Robot out for a spin for the first time



Sunday, July 7, 2013

Robot Building

Finally all the pieces are in place and I took the robot for a wireless ride around the house. The original VSI controller have been officially hacked.  The robot still retains all the functionality of the original VSI and also can be switch to Radio Control at the drop of a hat!
I needed to build a low pass filter for the PWM output from the arduino  and it worked out pretty well.
The fillers smooth out the PWM pulses as explained in this article
http://arduino-info.wikispaces.com/Arduino-PWM-Frequency




There is a noticeable delay when I move the stick on the RC transmitter, kinda  frightening when the see the robot takes off and does not respond to the stop command immediately!
I will play around with different values of resistors and capacitors in the coming weeks to increase the responsiveness.
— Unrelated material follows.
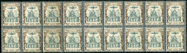 Iran: 1915 (April). Coronation of Ahmad Shah Qajar issue 5kr perf. 11 x 11 1/2 unmounted mint block of 18. Few tone spots on reverse otherwise very fine and scarce as multiple. Sc. 573, Sg. 438

I also had to re-write the code for the arduino that I posted some time ago, pretty simple indeed but It will get very much more complex when I  add bump, and ultrasonic sensors. These will be autonomic sensors to prevent the robot from bumping into things and falling off edges. etc. Ideally a visual sensor system  would be the navigation system of choice to prevent bumping  into thing and falling off steps and overhangs.





Next  on the list of  things to be done
1. I will tidy thing up a bit by using a arduino shield for the filters and a project box to host all the electronics.
2. Add support to the code for the horn and speed selector ( why do I need the horn working?)
3. Add bump sensors and supporting code
3. Add ultrasonic sensors and supporting code



Monday, February 4, 2013

Robot building

Wow! could not have imagine that 4 years has past since I started this project. Actually, I had started it with the hopes that one of my three sons would have jumped in and completed it. tsk...tsk...oh well here we go. Just to summarize: In 2009 I acquired a broken electric wheelchair to be used as a base for robotic projects. I stripped it down got it working and planned to tap into the factory controller. Today, I hacked the controller, extended the internal ribbon cabling with additional FCI 6 pin Headers and a 8 way rotary switch. Here is the initial plan
The Splice
From the controller's documentation they are 2 wires that control the forward and reverse motion and two that controls the left and right steering. Other wires are ground, 2.5 v reference voltage and 5 volts power. Time to check is the hack to see if the controller works, and it did! with a little bit of fiddling. (I did not pay much attention to the way the FCI connectors were originally oriented.) The FCI Headers were source from http://www.mouser.com/ part number 89361-708LF The rotary switch is a generic one from ebay. The rotary switch is to be used for switching the forward/reverse & left/right input between other signal sources, for example RC receiver/ARDUPILOT or on board computer.

Sunday, July 18, 2010

Recycled Volvo Amps provide 130 watts of sonic power for the desktop



A couple weeks ago I was cleaning my garage and came across these Volvo amplifiers from my 86 Volvo 760 (wonderful car worth every penny!) I was about to trash them but I decided to build a portable desktop power amplifier.
The smaller amplifier is HA-3121 and rated at 25 Watts per channel, the rear amplifier HA-3141 is rated 40 watts per channel. Ok, a 130 watts desktop power amplifier!
Since I was in the recycling mood I salvage an assortment of RCA inputs, speaker connectors, switches, LEDs, from my garage cleanup. I also used rails and nuts and bolts left over from my flat panel TV mount.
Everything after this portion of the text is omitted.